Why do electrons continue to move in the same direction in an electric circuit with a potential difference?
In a circuit with a potential difference, electrons move in the same direction due to the influence of the electric field force. When the power supply is turned on, a large amount of negative charge (electrons) accumulates at the negative pole of the power supply, while a large amount of positive charge accumulates at the positive pole. These charges are separated within the power supply due to chemical reactions or other energy conversion processes, resulting in a potential difference, or voltage, between the two ends of the power supply.
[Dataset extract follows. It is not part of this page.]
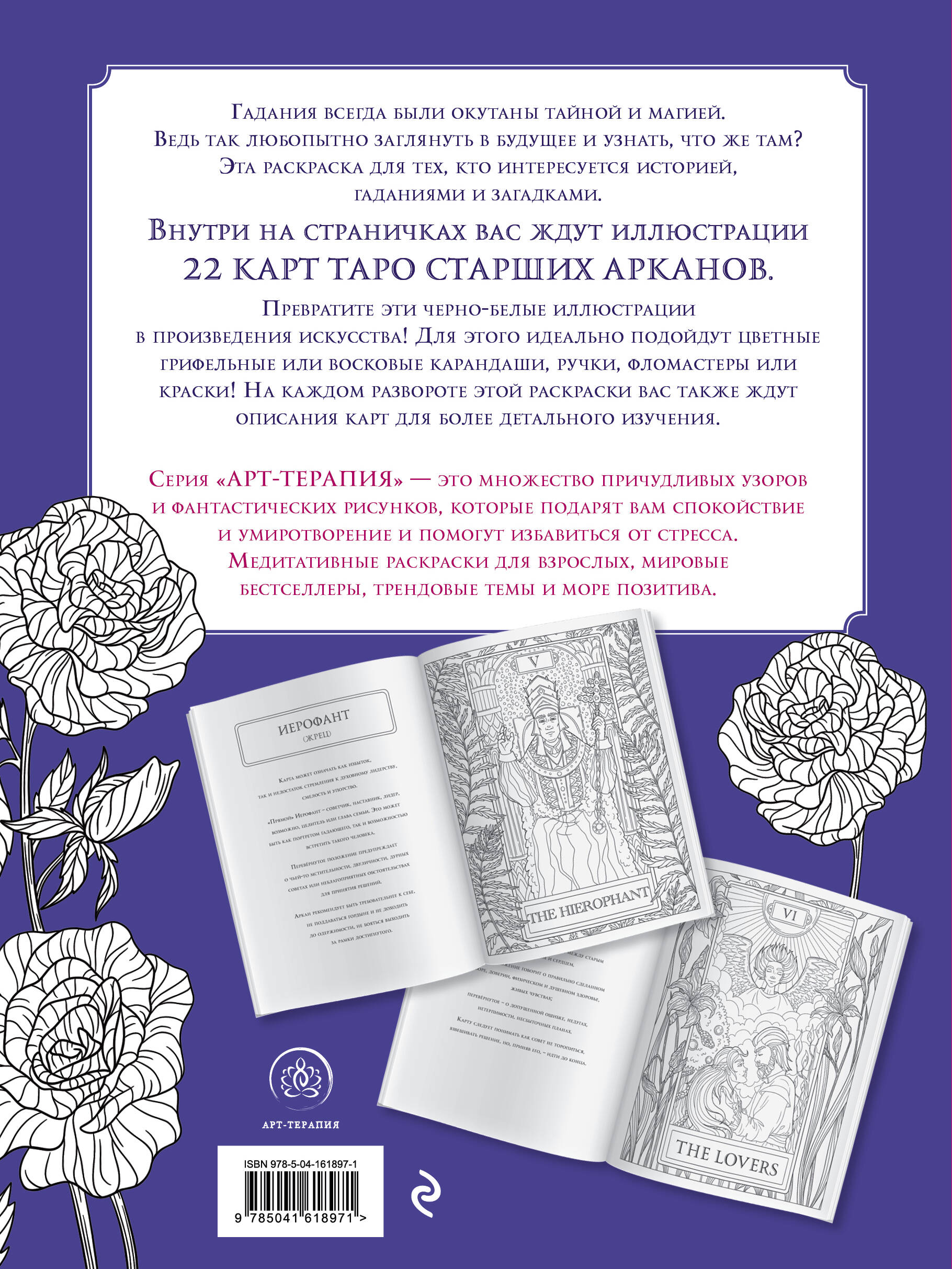 Существует несколько мистических легенд о появлении колоды ТАРО. В некоторых источниках указано, что колода была игральная еще в средневековой Европе, и только спустя какое-то время ее начали использовать для гадания. Какие-то источники утверждают, что колода пришла к нам со дна затонувшего города Атлантида, поэтому изображения на картах такие необычные и таинственные. Некоторые ученые предполагают, что родина колоды - Древний Египет. Где правда, а где ложь, не знает никто, но это и не важно! Если вы увлеченный и интересующийся человек, вам понравится эта раскраска! Немного магии, щепотка пророчества и авторская иллюстрация! Для раскраски взяты образы ТАРО Старших Арканов, описание каждой карты на обороте для более детального изучения. Страницы выполнены из плотной бумаги, поэтому вы можете использовать любые художественные инструменты, а большой формат раскраски поможет разглядеть мельчайшие детали. Это раскраска идеально подойдет тем, кто увлекается загадками, историей, может, даже мистикой и немножко гаданиями! Расслабьтесь после тяжелого рабочего дня с интересными иллюстрациями, возьмите в руки карандаши или фломастеры и подарите мистическим картам новые необычные цвета!| Издательство | Эксмо |

When the circuit is closed, the free electrons in the conductor are subjected to the force of the electric field and begin to move from the negative pole of the power supply to the positive pole. This electric field force is generated by the potential difference between the two ends of the power supply, and it drives the electrons to move along the conductor in a specific direction, that is, from low potential (negative pole) to high potential (positive pole). Although the electric field inside the conductor may not be completely uniform, it can still effectively guide the electrons to move in the same direction.
In addition, the free electrons in conductors, under the action of electric field force, although their actual motion path may be tortuous, due to a large number of electrons subjected to forces in the same direction, they exhibit a phenomenon of directional movement as a whole. Although the speed of this directional movement is very slow relative to the speed of light, it is sufficient to form the current we observe.
In summary, the reason why electrons move in the same direction within a circuit with a potential difference is due to the electric field force provided by the power supply. This force prompts free electrons to overcome internal resistances, such as the attraction of atomic nuclei and collisions with other electrons, and move unidirectionally along the conductor.